• [Prompt]:
The copy you return should hold only the lines from the top of the data below through the line with "[SMB Sunucusu Kullan]", each duplicated exactly and with no pictures.
** Opening Source material block **
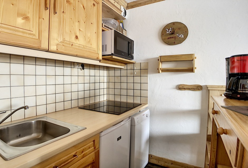 Inbouwkeuken met 4 inductiekookplaten, koelkast, afwasmachine, raclette, fondue, pierrade, combi-oven/magnetron, waterkoker, broodrooster en koffiezetapparaat.
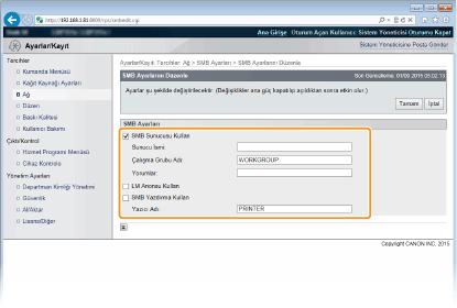 [SMB Sunucusu Kullan] onay kutusunu seçin ve gerekli ayarları belirtin.
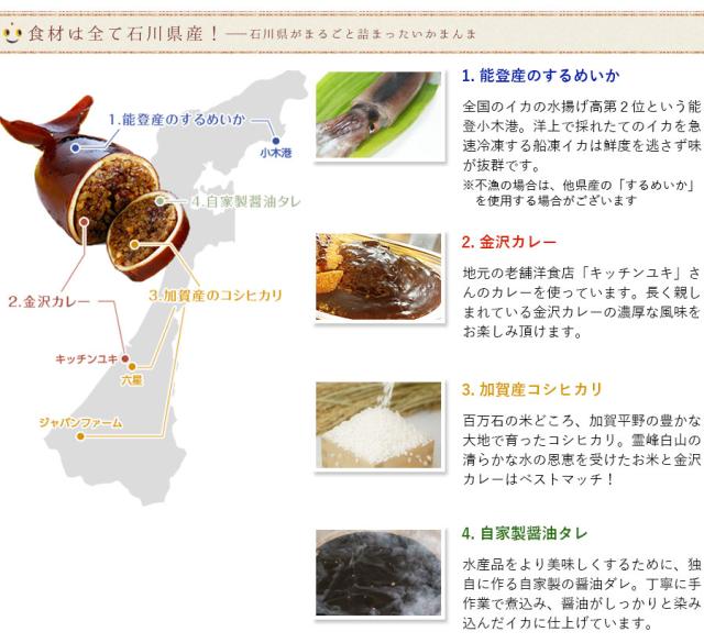【金沢カレーいかまんま辛口】するめいか、うるち米、カレー(玉ねぎ、牛脂、小麦粉、ラード、トマトケチャップ、牛肉、練乳、醤油、香辛料、砂糖、ウスターソース、食塩)、もち米、チリソース、醤油、砂糖、米発酵調味料/調味料(アミノ酸等)、カラメル色素、甘味料(甘草)、(原材料の一部に小麦・乳成分・大豆・牛肉・豚肉・りんごを含む)
** Closing Source material block **
• [Answer for this exercise]:
 Inbouwkeuken met 4 inductiekookplaten, koelkast, afwasmachine, raclette, fondue, pierrade, combi-oven/magnetron, waterkoker, broodrooster en koffiezetapparaat.
 [SMB Sunucusu Kullan] onay kutusunu seçin ve gerekli ayarları belirtin.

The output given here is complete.